EXERCISE INPUT START
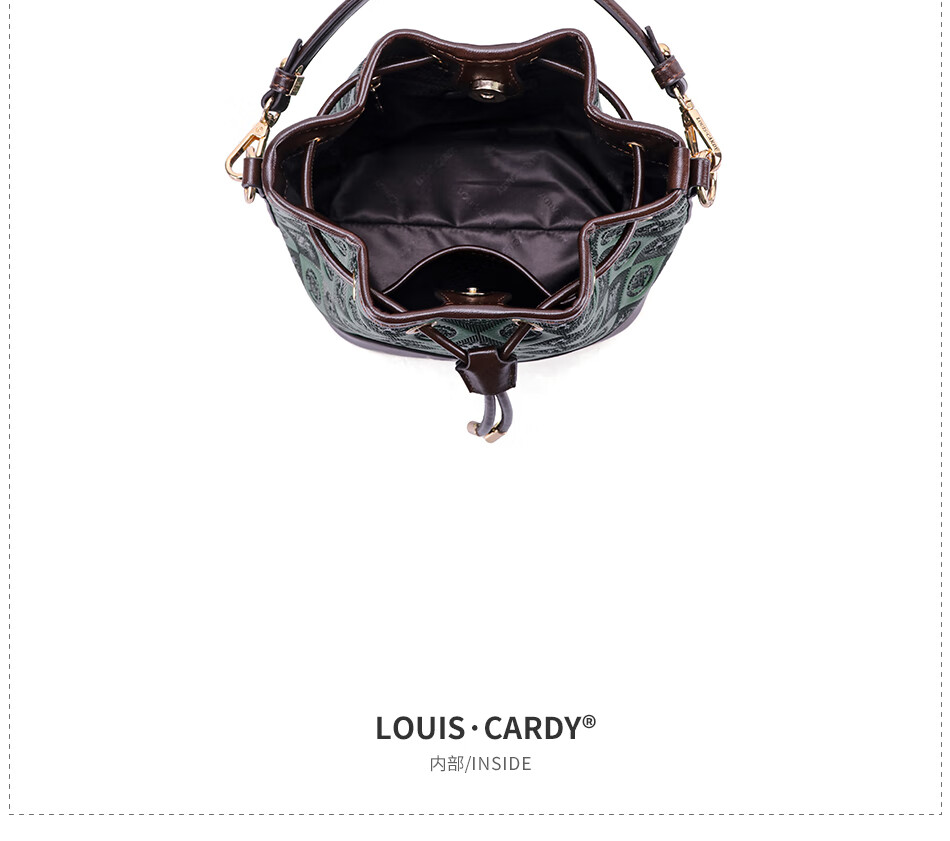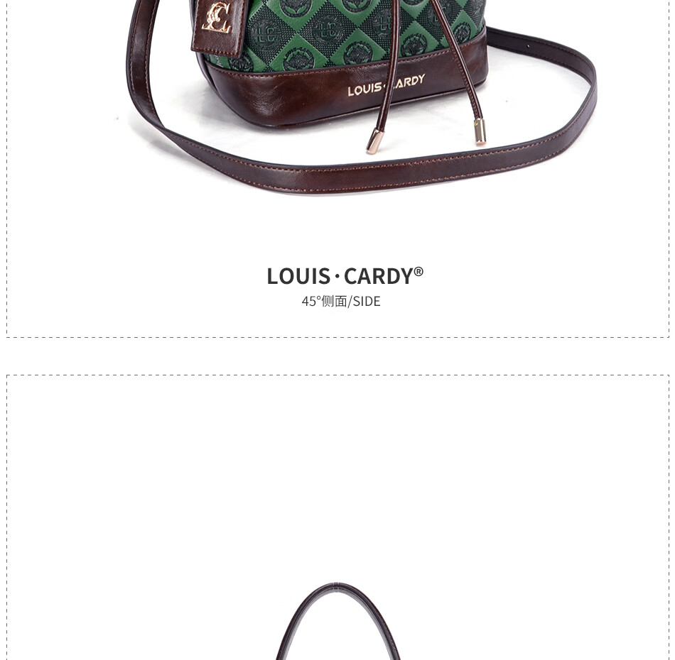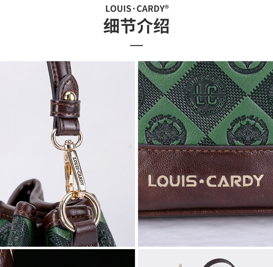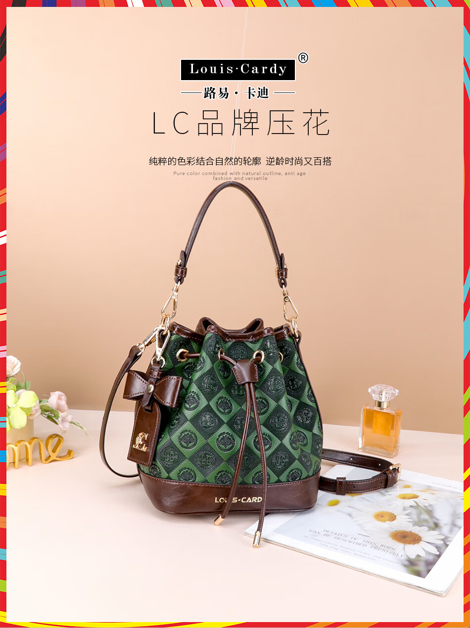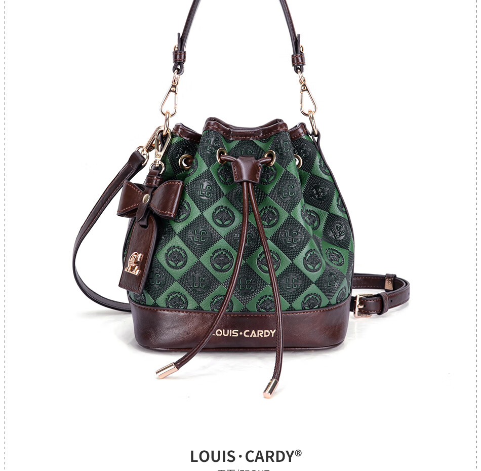 路易.卡迪水桶包 压花绿野仙棕拼色手提斜挎包送女友老婆圣诞元旦新年礼物 绿/啡色
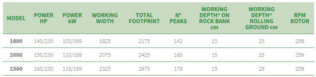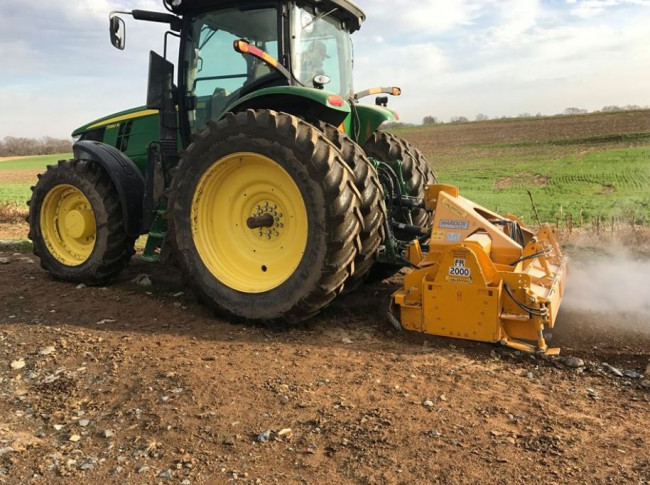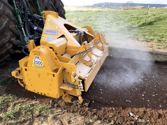 Le broyeur de pierres Valentini FR-RAMBO 2T permet de travailler dans le sol jusqu’à 25 cm, il se décline en différentes largeurs de travail de 1800 à 2300 mm. suivant la largeur de travail souhaitée, il faut un tracteur de 140 à 230 CV pour l’entrainer.
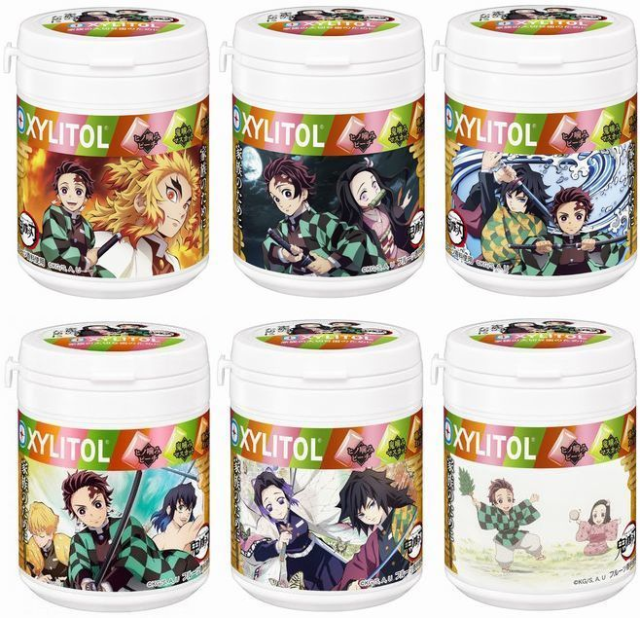另外與旗下口香糖產品「XYLITON」,也推出了六種合作罐裝,口香糖更製作成三種顏色 : 粉紅色、草綠色與橘色,上面更會附上各人物名字與代表性詞彙,讓人意想不到從罐中拿出來的會是什麼 XD。
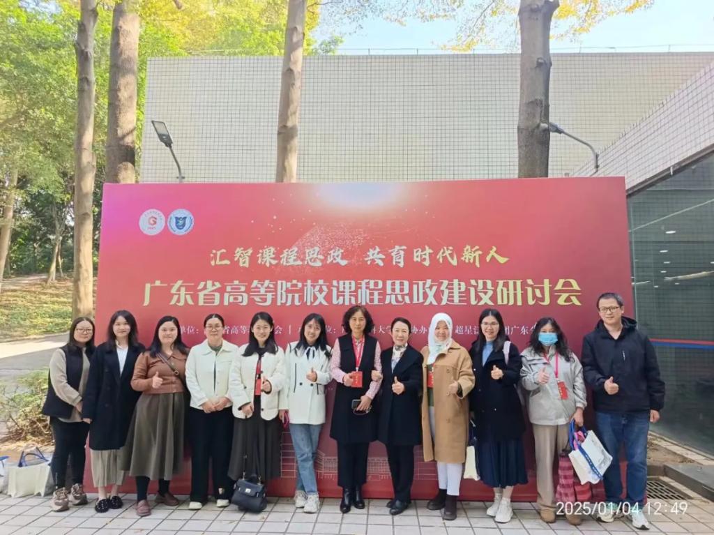 2025年1月4日,在广州华商学院教师发展中心的安排下,数字金融学院院长助理荣佳老师、列尧鑫老师以及本校十余名老师前往广东药科大学大学城校园国际会议中心参加广东省高等教育学会主办的广东省高等院校课程思政建设研讨会。研讨会由广东药科大学承办,超星泛雅集团广东分公司协办,以“汇智课程思政,共育时代新人”为主题,旨在深入探讨课程思政教学的创新与发展,共同推动高校课程思政建设迈向新台阶。
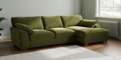 7.3.1 Buy Stamford Grand Relaxed Sit Large Sofa Chaise - Right Hand Plush Velvet Easy Clean Mid Olive Green Large Square Angle - Brushed Brass from the Seasons online shop
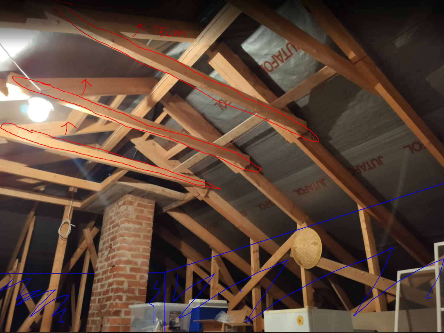 4. Ühe pildi peal sinisega on näidatu osa, kuhu tuleks panna OSB seinu (ilmselt mõne luugiga, mis lubaks seina taha midagi panna või vajadusel hooldust või muu ligipääsu jaoks), et tekkiks pööningule ruum (seinte taha pole põrandat vaja). Selle ruumi suuruseks mu jämeda arvuruse järgi tuleks kuskil 16m2.
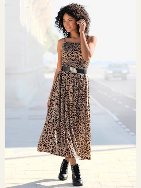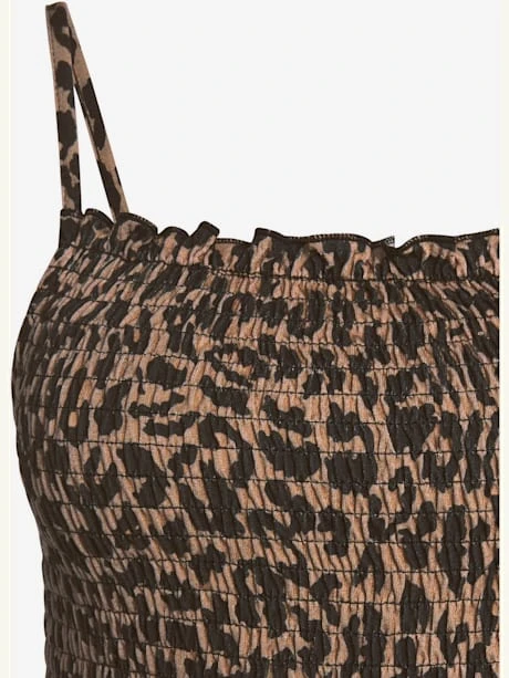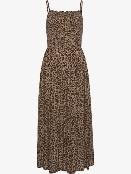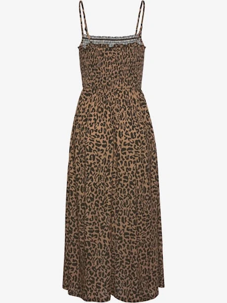 Robe longueur mollet avec imprimé léopard, Robe midi avec bretelles spaghetti réglables., Robe léopard en jersey de viscose doux, Haut smocké, Bords volantés à l’encolure
EXERCISE INPUT END
What comes back should match the records exactly, minus any pictures.

 路易.卡迪水桶包 压花绿野仙棕拼色手提斜挎包送女友老婆圣诞元旦新年礼物 绿/啡色
 Le broyeur de pierres Valentini FR-RAMBO 2T permet de travailler dans le sol jusqu’à 25 cm, il se décline en différentes largeurs de travail de 1800 à 2300 mm. suivant la largeur de travail souhaitée, il faut un tracteur de 140 à 230 CV pour l’entrainer.
另外與旗下口香糖產品「XYLITON」,也推出了六種合作罐裝,口香糖更製作成三種顏色 : 粉紅色、草綠色與橘色,上面更會附上各人物名字與代表性詞彙,讓人意想不到從罐中拿出來的會是什麼 XD。
 2025年1月4日,在广州华商学院教师发展中心的安排下,数字金融学院院长助理荣佳老师、列尧鑫老师以及本校十余名老师前往广东药科大学大学城校园国际会议中心参加广东省高等教育学会主办的广东省高等院校课程思政建设研讨会。研讨会由广东药科大学承办,超星泛雅集团广东分公司协办,以“汇智课程思政,共育时代新人”为主题,旨在深入探讨课程思政教学的创新与发展,共同推动高校课程思政建设迈向新台阶。
 7.3.1 Buy Stamford Grand Relaxed Sit Large Sofa Chaise - Right Hand Plush Velvet Easy Clean Mid Olive Green Large Square Angle - Brushed Brass from the Seasons online shop
 4. Ühe pildi peal sinisega on näidatu osa, kuhu tuleks panna OSB seinu (ilmselt mõne luugiga, mis lubaks seina taha midagi panna või vajadusel hooldust või muu ligipääsu jaoks), et tekkiks pööningule ruum (seinte taha pole põrandat vaja). Selle ruumi suuruseks mu jämeda arvuruse järgi tuleks kuskil 16m2.
 Robe longueur mollet avec imprimé léopard, Robe midi avec bretelles spaghetti réglables., Robe léopard en jersey de viscose doux, Haut smocké, Bords volantés à l’encolure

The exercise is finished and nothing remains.